Copy-Trasform-Paste: Zero-Shot Object-Object Alignment Guided by Vision-Language and Geometric Constraints

This paper presents a zero-shot 3D object alignment framework that optimizes relative pose using CLIP-driven gradients and geometry-aware constraints via a differentiable renderer, achieving semantically faithful and physically plausible results without requiring new model training.

Rotem Gatenyo, Ohad Fried

Published 2026-03-03
📖 4 min read☕ Coffee break read

Imagine you have two 3D objects on a computer screen, like a bun and a burger patty, but they are floating in empty space, far apart and not touching. You want to put them together to make a burger, but you don't want to manually drag and drop them. Instead, you just want to type a sentence: "Put the patty on the bun."

This paper introduces a clever AI system called COPY-TRANSFORM-PASTE that does exactly that. It acts like a super-smart, invisible robot hand that reads your text and physically moves the 3D objects until they fit together perfectly, just like you imagined.

Here is how it works, broken down into simple concepts:

1. The "Magic Eye" (Vision-Language)

First, the AI needs to understand what you want. It uses a tool called CLIP (think of it as a super-advanced librarian that knows how images and words connect).

  • How it works: The AI takes a picture of the floating objects, shows it to the "librarian," and asks, "Does this look like a burger?"
  • The Feedback Loop: If the answer is "No, that looks like a floating mess," the AI gets a tiny nudge (a gradient) telling it to move the objects slightly. It keeps doing this, taking thousands of tiny steps, until the picture it sees matches your text description perfectly.

2. The "Ghost Hands" (Geometric Constraints)
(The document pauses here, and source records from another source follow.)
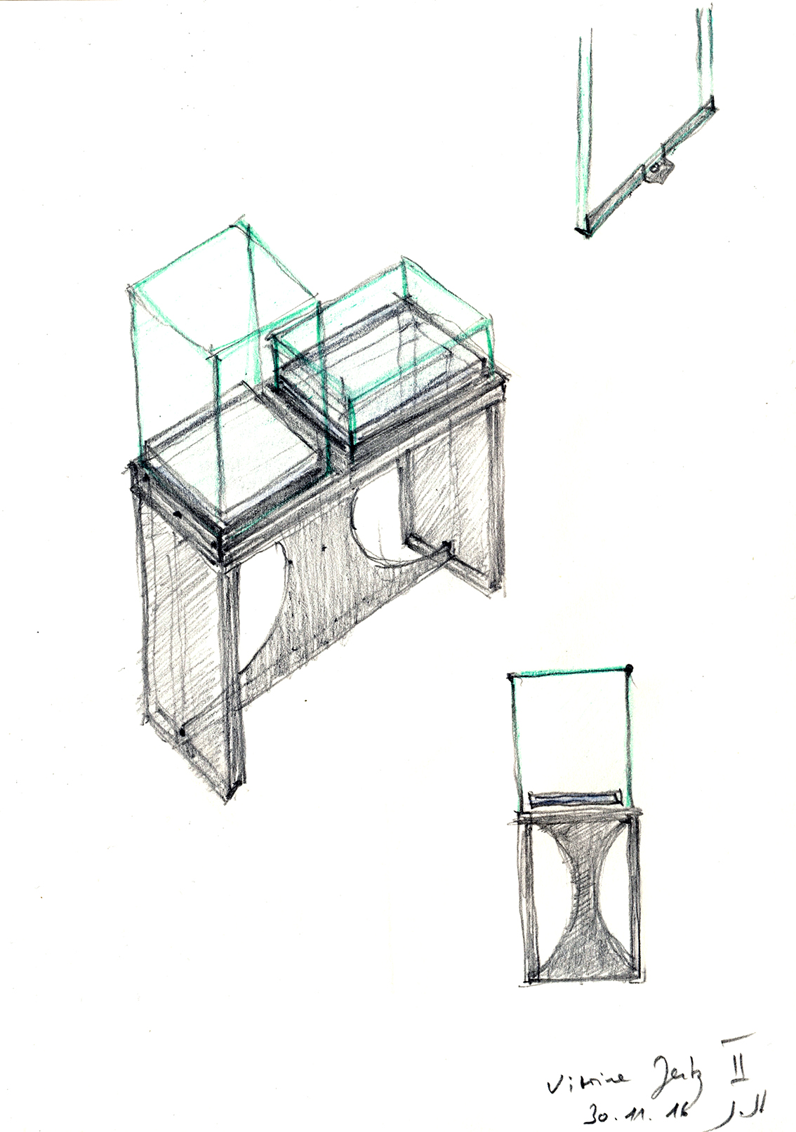 ›Die Skizze ist die Sprache des Architekten‹ wird dem Architekten Gustav Peichl, (1928–2019), in den Mund gelegt. Gerade die Vorbereitung komplexer Projekte, wie beispielsweise einer Ausstellung, leben von einer zügigen, nonverbalen Kommunikation.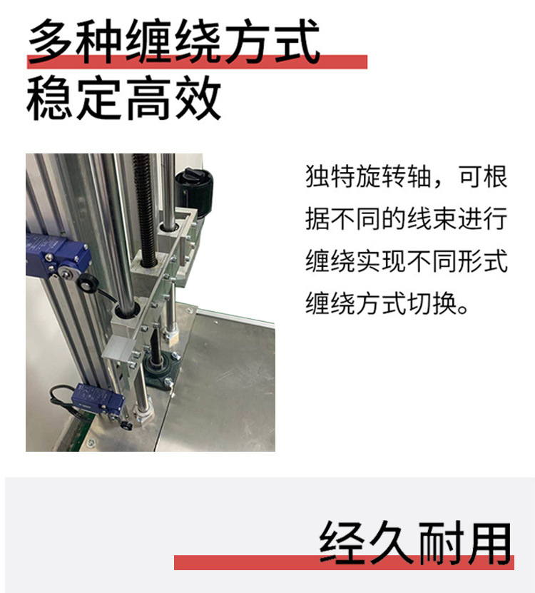 • 纏繞精度高:一些線束纏繞機的纏繞緊密度誤差可控制在 ±2mm 以內,能精準完成各種規格物品的膠帶纏繞工作。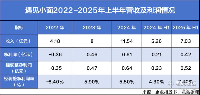 2022—2024年,遇见小面总收入分别约为4.18亿元、8亿元、11.54亿元,年复合增长率达66.2%,2025年上半年其营收同比再度增长33.8%至7.03亿元。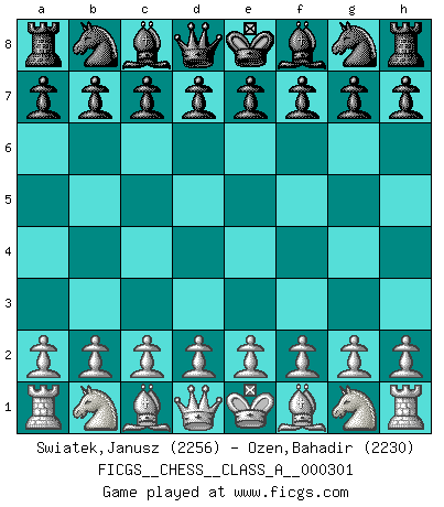 First move 2026 March 24 8:36:59 White clock - 39 days 16:20:39 Black clock - 40 days 00:00:00 [Event "FICGS__CHESS__CLASS_A__000301"] [Site "FICGS"] [Date "2026.03.24"] [Round "1"] [White "Swiatek,Janusz"] [Black "Ozen,Bahadir"] [Result "*"] [WhiteElo "2256"] [BlackElo "2230"] 1.* Follow this game move after move (download)If your opponent offers you a draw, try to work out why he thinks he's worse off. (Nigel Short) Nach Morphy wurde nichts neues mehr in der Behandlung offener Positionen gefunden. (Mikhail Moiseyevich Botvinik) Las combinaciones han sido siempre el aspecto más intrigante del Ajedrez. Los Maestros las buscan, el público las aplauden, los críticos las alaban. La razón se debe a que las combinaciones hacen posible que el Ajedrez sea más que un ejercicio matemático con una carencia de vida. Ellas son la poesía del juego, son del Ajedrez lo que la melodía es de la música. Ellas representan el triunfo de la mente sobre la materia. (Reuben Fine) Nous sommes les pions de la mystérieuse partie d'Echecs jouée par Dieu. Il nous déplace, nous arrête, nous pousse encore, puis nous lance un à un dans la boîte du Néant. Epitaphe sur la tombe de David Janowsky (1868-1927). Computer Science is no more about computers than astronomy is about telescopes. (Edsger W. Dijkstra)
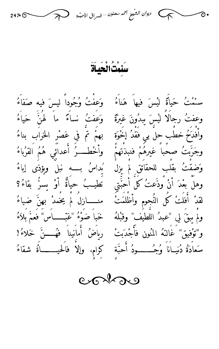 سئمت حياة ليس فيها هناء … وعفت وجودا ليس فيه صفاء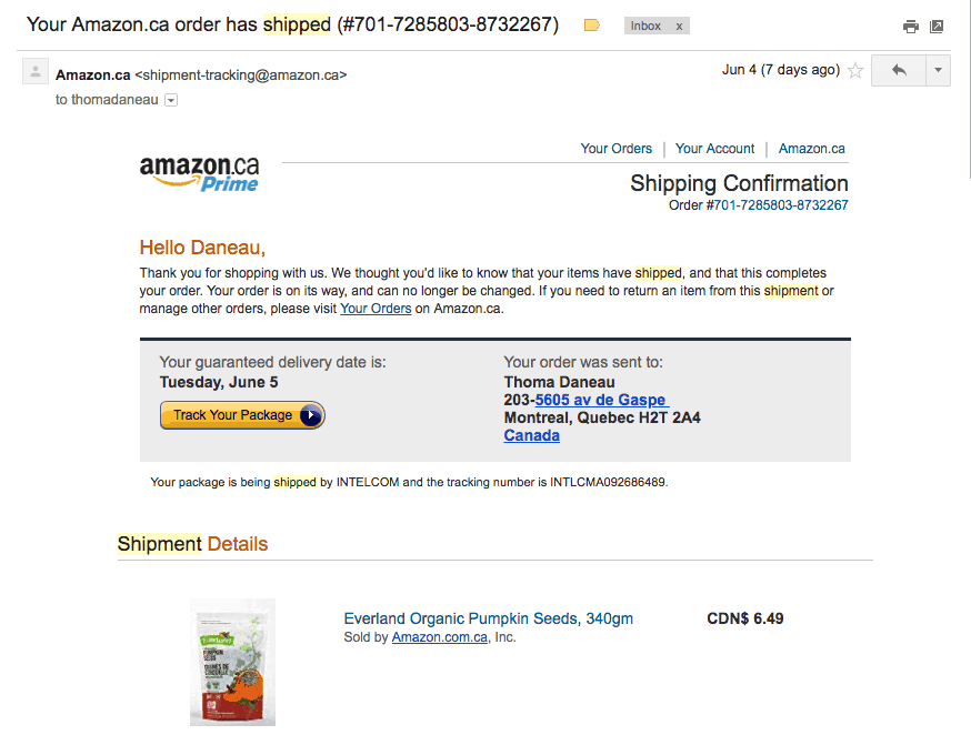 Voici un exemple d’Amazon, ce courriel est envoyé à chaque nouvelle commande lorsque la commande part de leur entrepôt:
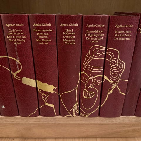 Agatha Christie bokserie med krimromaner i innbundet utgave. Bøkene har røde omslag med gjennomgående illustrasjon på ryggene. Serien inneholder flere titler samlet i et enhetlig design, egnet for lesing og som samlerutgave i bokhylle.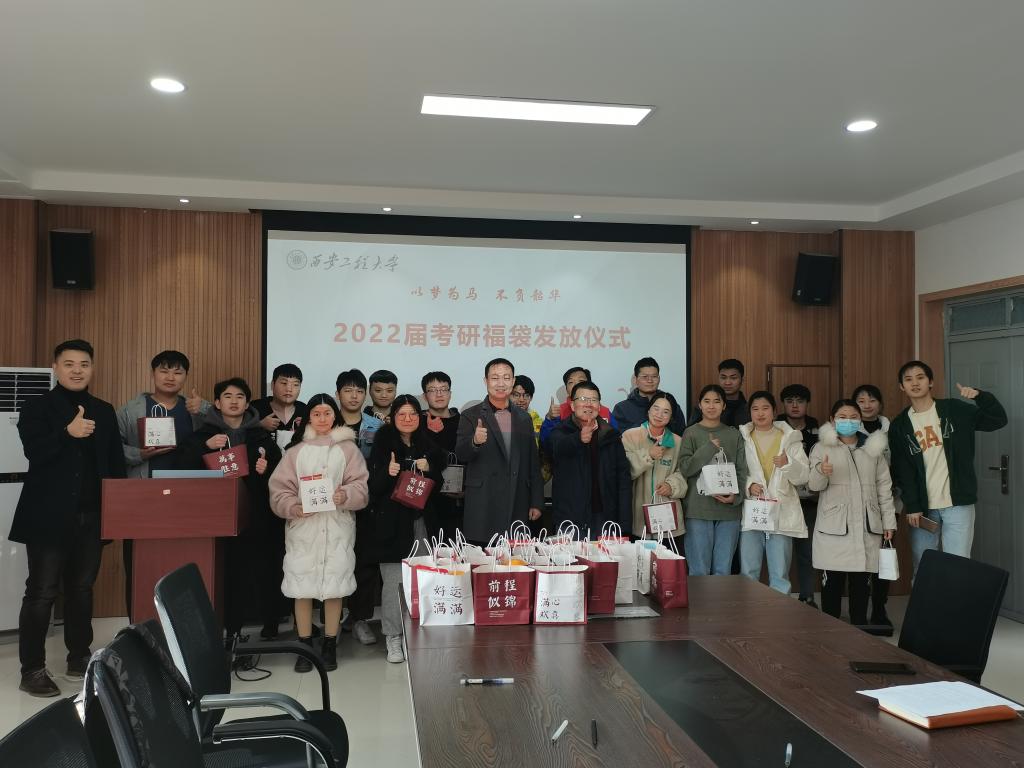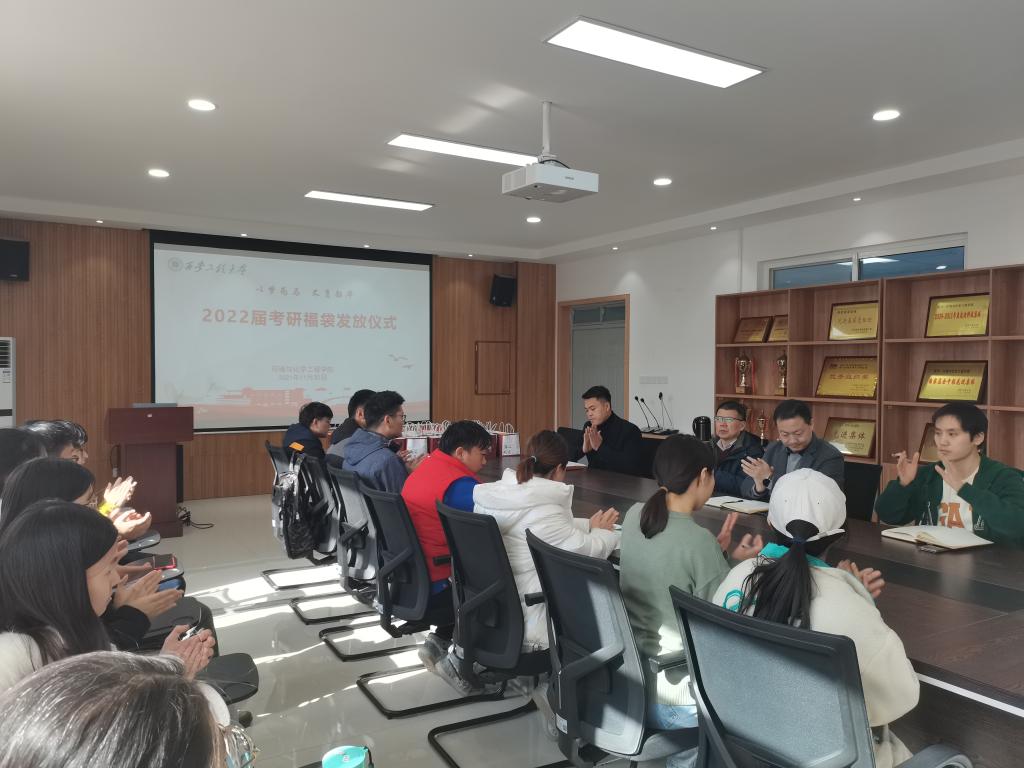 为了营造积极温暖的考前氛围,给奈飞工厂 广大考研学子加油打气,奈飞工厂 于2021年11月30日在507会议室举行2022届考研学生福袋发放仪式,奈飞工厂 党委书记李建学、党委副书记赖斌、团总支书记贾天昱、辅导员张易泽及部分考研学生代表参加活动。

Here's the problem: The "Magic Eye" is great at understanding ideas, but it's bad at understanding physics. If you just ask it to "put the patty on the bun," it might slide the patty inside the bun like a ghost, or leave a huge gap.

To fix this, the authors added two "rules" to the AI's brain:

  • The Sticky Tape (Soft-ICP): Imagine the surfaces of the objects are covered in tiny, invisible Velcro dots. The AI is told to stick the closest dots of the two objects together. This ensures they actually touch.
  • The Anti-Ghost Rule (Penetration Loss): The AI is strictly forbidden from letting one object pass through the other (unless you specifically ask for something like a knife cutting an apple). If the patty tries to go inside the bun, the AI feels a "pain" signal and pushes it back out.

3. The "Zoom-In" Strategy (Phased Optimization)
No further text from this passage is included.